Серии, посвящённые карьерам мрамора в Карраре, заслуживают особого внимания. Бертински вернулся туда спустя двадцать пять лет после своих первых съёмок, вооружённый на этот раз передовыми цифровыми технологиями. Снимки, которые он привёз, поражают. Эти расщеплённые горы, геометрические блоки, вырезанные из скалы, рассказывают историю добычи, уходящую корнями в эпоху Римской империи. Но под взглядом Бертински это также медитация о геологическом времени и нашем упорстве в его нарушении.
Соль, ещё одна повторяющаяся тема в его творчестве. Его фотографии соляных шахт в Индии превращают эти зоны добычи в абстрактные композиции, напоминающие работы Пита Мондриана. Геометрические линии, цветные прямоугольники, повторяющиеся узоры создают визуальное напряжение между формальной красотой и экологической реальностью, которую они отражают. Это отличный пример способности Бертински превращать промышленные места в созерцательные произведения искусства.
Но не заблуждайтесь: за этой формальной красотой всегда скрывается сообщение абсолютной серьёзности. Изображения Буртынски с корабельных разборок в Бангладеш, одни из самых тревожных в его творчестве. Эти гиганты из стали, выброшенные на берег, разобранные вручную работниками в опасных условиях, похожи на выброшенных китов индустриальной эпохи. Их методическое разделение, идеальная метафора нашего отношения к миру: мы создаём монстров, которых не умеем правильно уничтожать.

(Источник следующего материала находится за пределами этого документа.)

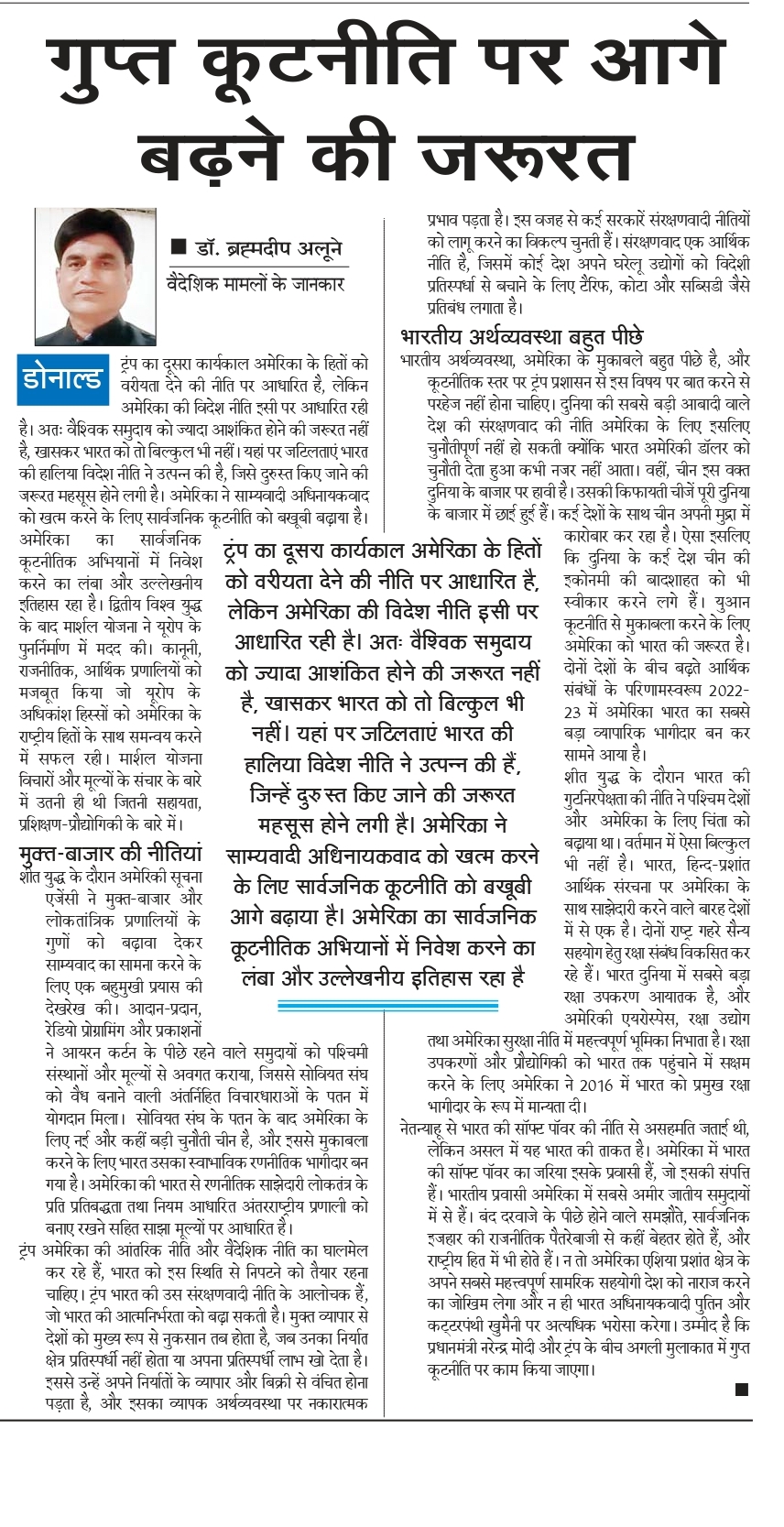 ट्रम्प का दूसरा कार्यकाल अमेरिका के हितों को वरीयता देने की नीति पर आधारित है,लेकिन अमेरिका की विदेश नीति इसी पर आधारित रही है। अत: वैश्विक समुदाय को ज्यादा आशंकित होने की जरूरत नहीं है,खासकर भारत को तो बिल्कुल भी नहीं। यहां पर जटिलताएं भारत की हालिया विदेश नीति ने उत्पन्न की है जिसे दुरुस्त किए जाने की जरूरत महसूस होने लगी है। अमेरिका ने साम्यवादी अधिनायकवाद को खत्म करने के लिए सार्वजनिक कूटनीति को बखूबी आगे बढ़ाया है. संयुक्त राज्य अमेरिका का सार्वजनिक कूटनीति अभियानों में निवेश करने का एक लंबा और उल्लेखनीय इतिहास रहा है। द्वितीय विश्व युद्ध के बाद,मार्शल योजना ने यूरोप के पुनर्निर्माण में मदद की। कानूनी, राजनीतिक और आर्थिक प्रणालियों को मजबूत किया जो यूरोप के अधिकांश हिस्सों को अमेरिका के राष्ट्रीय हितों के साथ समन्वय करने में सफल रही। मार्शल योजना विचारों और मूल्यों के संचार के बारे में उतनी ही थी जितनी कि सहायता,प्रशिक्षण और प्रौद्योगिकी के बारे में। शीत युद्ध के दौरान,अमेरिकी सूचना एजेंसी ने मुक्त-बाज़ार और लोकतांत्रिक प्रणालियों के गुणों को बढ़ावा देकर साम्यवाद का सामना करने के लिए एक बहुमुखी प्रयास की देखरेख की। आदान-प्रदान,रेडियो प्रोग्रामिंग और प्रकाशनों ने आयरन कर्टन के पीछे रहने वाले समुदायों को पश्चिमी संस्थानों और मूल्यों से अवगत कराया,जिससे सोवियत संघ को वैध बनाने वाली अंतर्निहित विचारधाराओं के पतन में योगदान मिला। सोवियत संघ के पतन के बाद अमेरिका के लिए नई और कहीं बड़ी चुनौती चीन है और इससे मुकाबला करने के लिए भारत उसका स्वभाविक रणनीतिक भागीदार बन गया है। अमेरिका की भारत से रणनीतिक साझेदारी लोकतंत्र के प्रति प्रतिबद्धता तथा नियम आधारित अंतर्राष्ट्रीय प्रणाली को बनाए रखने सहित साझा मूल्यों पर आधारित है।

Самое ироничное в этом то, что эти фотографии, вероятно, станут последними свидетельствами нашей индустриальной цивилизации. Они будут нашими современными иероглифами, рассказывающими историю вида, который путал прогресс с разрушением. Поймут ли археологи будущего этот парадокс? Как мы могли одновременно осознавать и не осознавать последствия наших действий?

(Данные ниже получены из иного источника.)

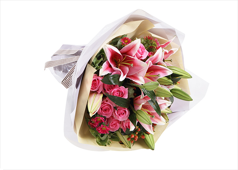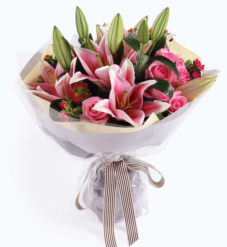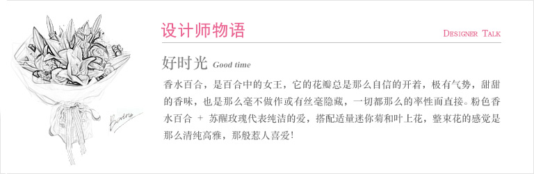 包 装:内层黄色不织布,外层浅紫/香芋紫人造不织布,玻璃纸,白咖罗纹带
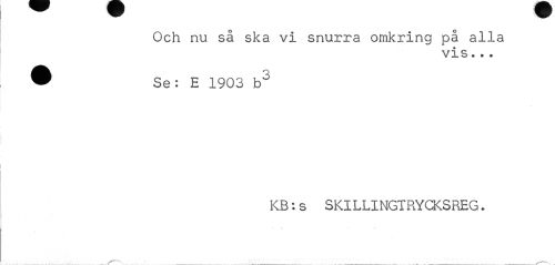 //// Och nu så ska vi snurra omkring på alla //// vis... //// ® Se: E 1903 hö //// KB:s SKILLINGTRYCKSREG. ////
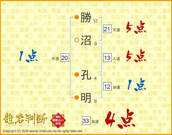 勝沼孔明さんの総運は33画の4点!
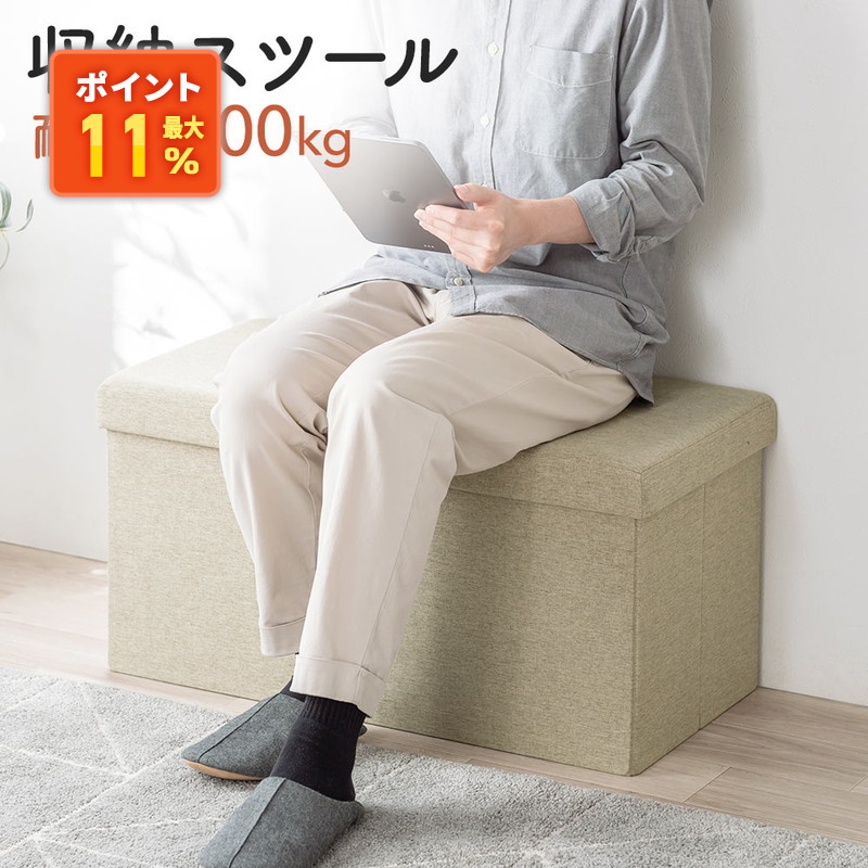 ●座る(スツール)・収納する・足を置く(オットマン)の3通りに使える収納スツールです。

Сам Буртынски остаётся в своих комментариях странно отстранённым. Он представляется простым свидетелем, хроникёром антропоцена. Но его творчество вовсе не нейтрально. Каждый кадр, каждая точка зрения, это молчаливое обвинение. Он показывает нам наш мир таким, каким он стал, без явных суждений, но с беспощадной точностью, не оставляющей места для отрицания.

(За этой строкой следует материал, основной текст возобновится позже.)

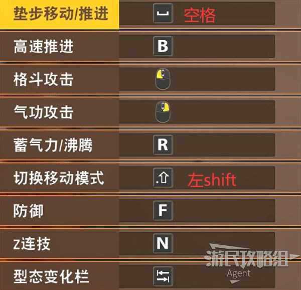 这里列出的是默认按键对应,如果不喜欢可以自行更改。

Последние проекты Буртынски исследуют новые технологии, в частности дополненную реальность, чтобы позволить нам по-новому почувствовать влияние нашего присутствия на Земле. Возможно, именно в этом заключается конечная ирония его работы, использовать инструменты современности, чтобы документировать её избытки. Но разве это не то, что нам нужно? Высокотехнологичное зеркало, чтобы созерцать наше собственное безумие?
Творчество Буртынски, это memento mori индустриальной эпохи, напоминание о том, что вся наша “мощь”, лишь иллюзия, оставляющая постоянные шрамы на поверхности Земли. Его изображения красивы, да, но красота эта обвиняющая. Они, фотографический завет цивилизации, которая возомнила себя богом и, возможно, слишком поздно осознаёт пределы своей безмерности.